# Hello



## jlepp06 (Dec 27, 2009)

Hello All:

According to the site it is customary to introduce myself as my first post...


My name is Joel. I'm located in Southeast Michigan.
I've worked in various levels of venues from school gymnasiums, to school auditoiums, to an actual performing arts center. 
Currently I do not hold an actual paying position in this field of work. Mainly I do it for fun and sometimes as freelance work. 

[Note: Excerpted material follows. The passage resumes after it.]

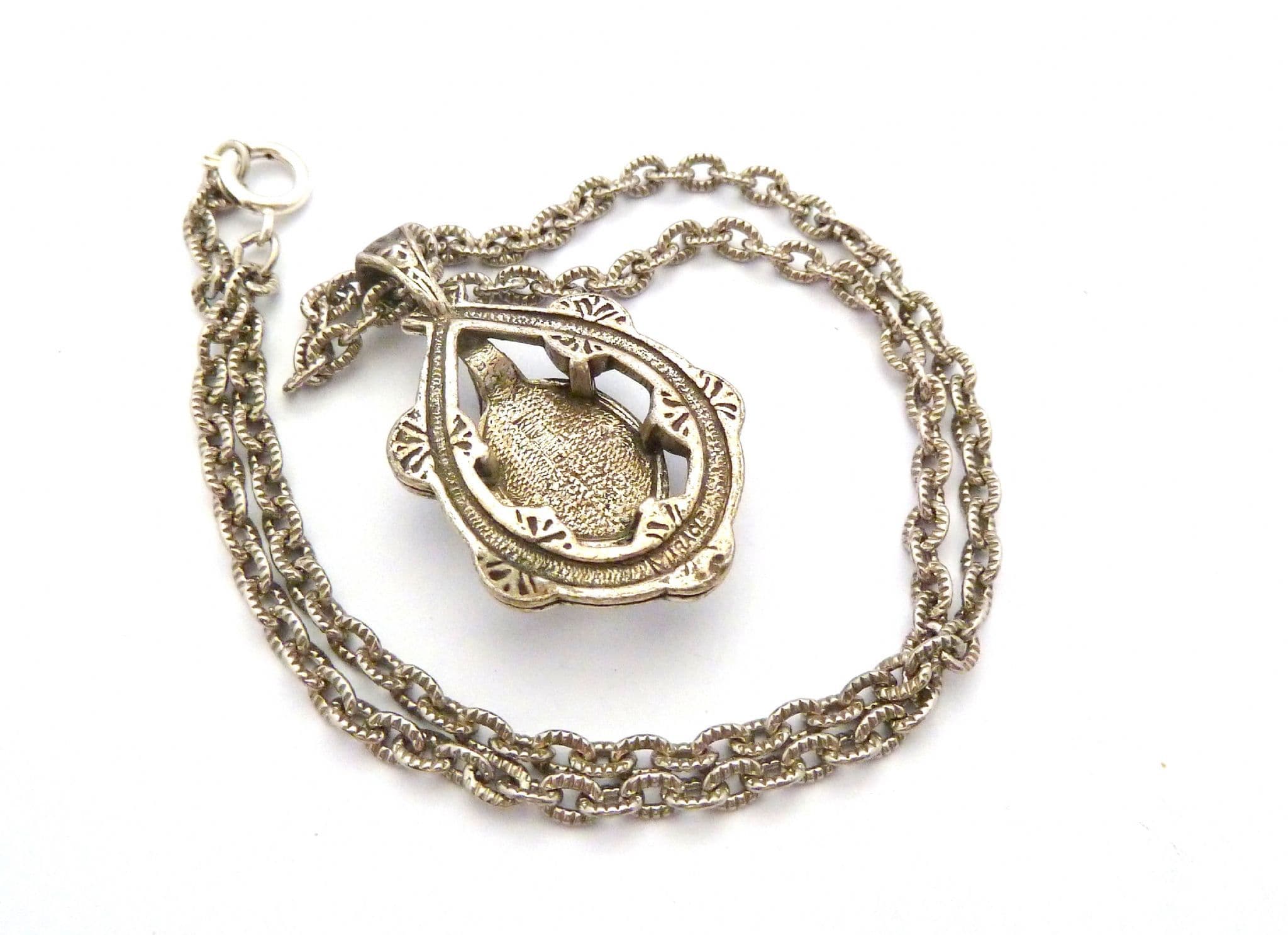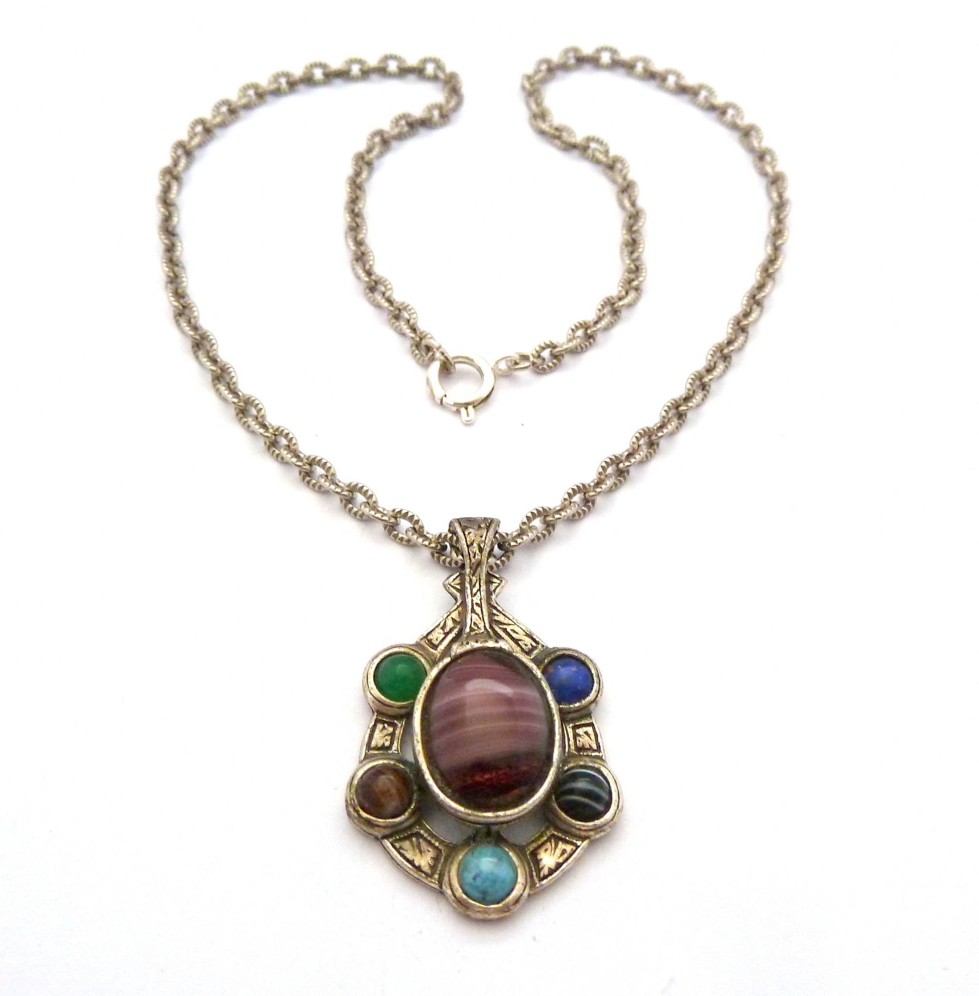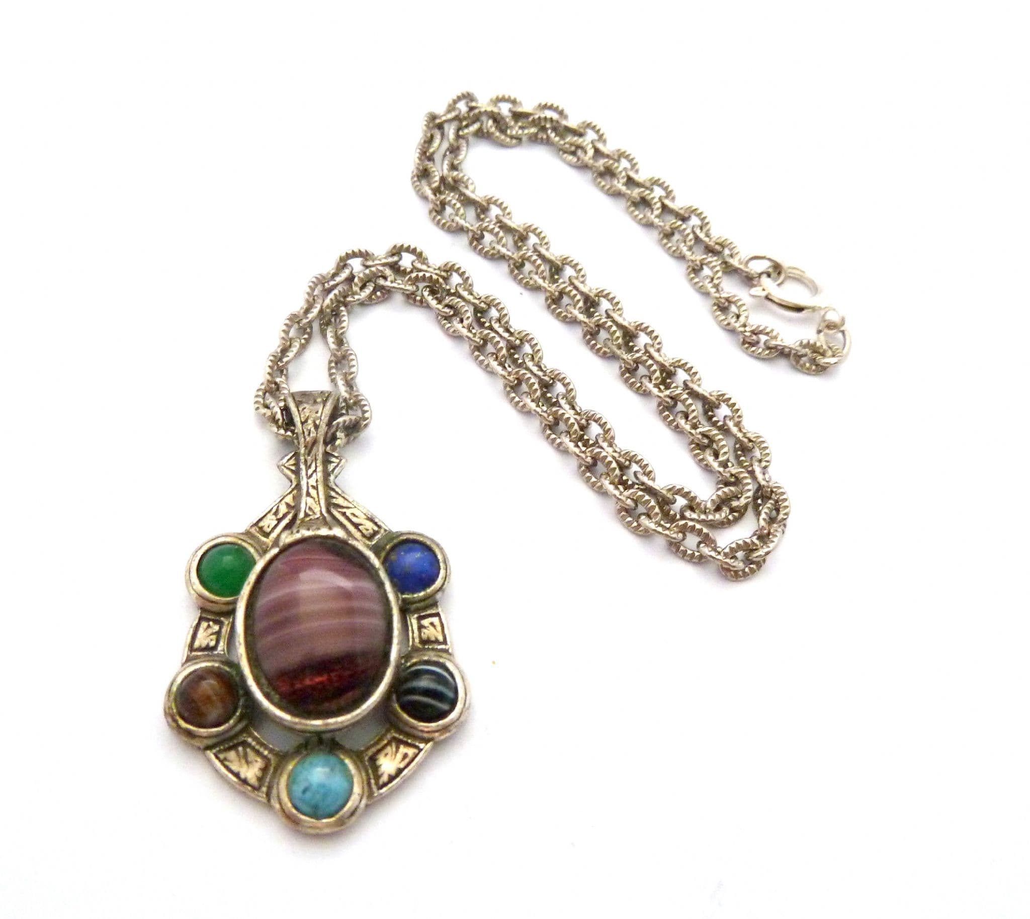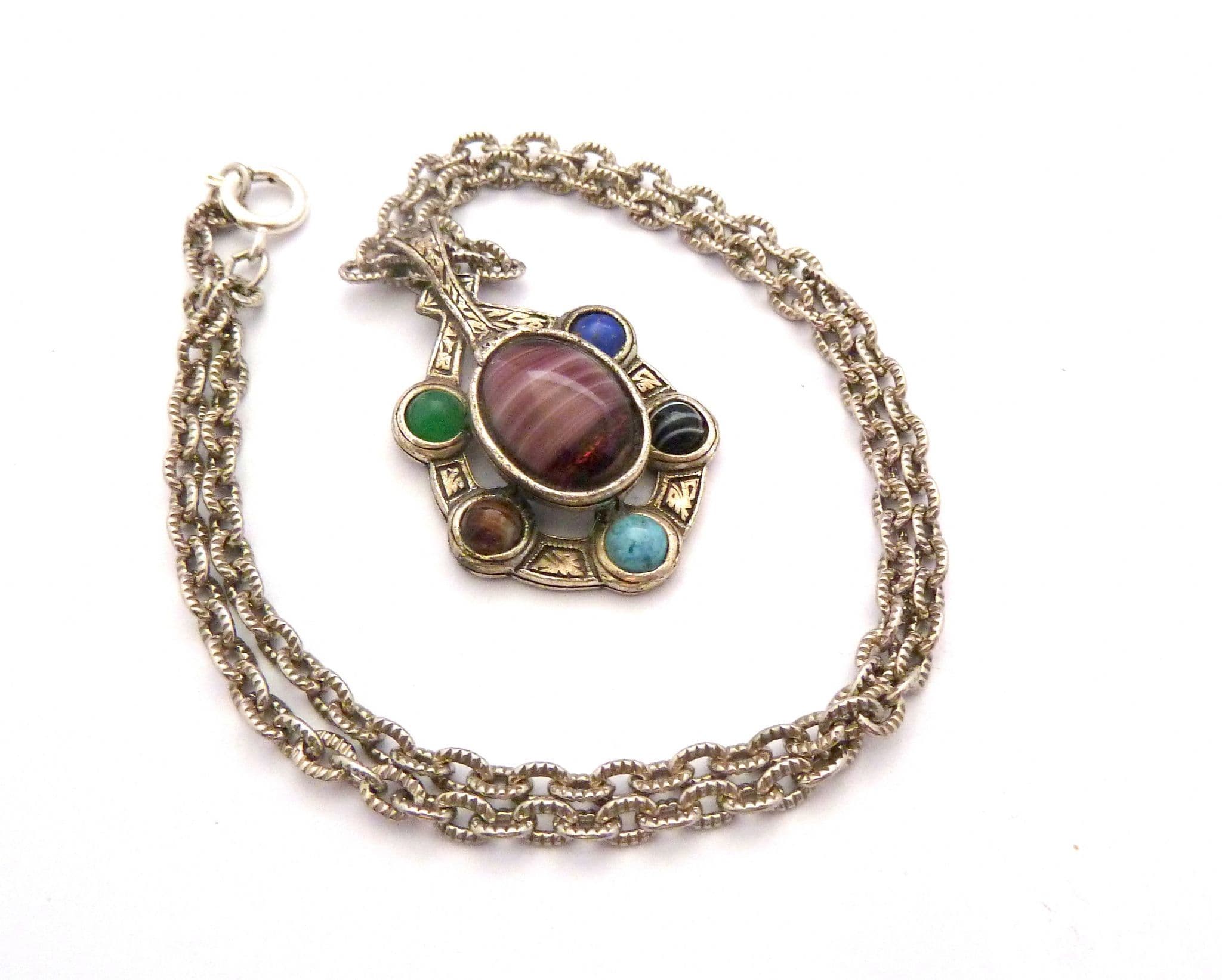 Vintage Celtic faux gem set necklace manufactured under the trade name Miracle by A Hill and company Ltd. The pendant is set with five faux gem glass cabochons and one large faux marbled amethyst glass cabochon, set in a silver tone setting with Celtic patterns. The chain measures approx 51.5cms in length. Circa 1970's - 80's. Signed Miracle to the back of the pendant.

I'm on staff with a community theatre group "Beneath The Trapdoor Productions" where I am called the "Assistant Technical Director" 
They're new and have only produced 2 shows so far. We do 1 show each summer. Feel free to visit their site: Home Page

Anything else you would like to know, send it my way!

Joel.


----------



## DaveySimps (Dec 28, 2009)

Welcome Joel! Thanks for taking the time to register and introduce yourself. You are actually only about 35 miles from me (I am in St.Clair County). Great to have you here. Be sure to check out our CBers from Michigan Social Group. Enjoy CB!

~Dave


----------



## LD4Life (Dec 28, 2009)

Welcome! Wow, you are quite a ways over there. I was going to say I wasn't too far from you since I lived for a few years just South of the Michigan border, but you're way over there. Its good to hear from people committed to community theatre. As is usually said to people new to CB, feel free to ask whatever you're wondering. We're all here to help and learn from one another. It's good to have you. Hope to hear from you often.

Rob


----------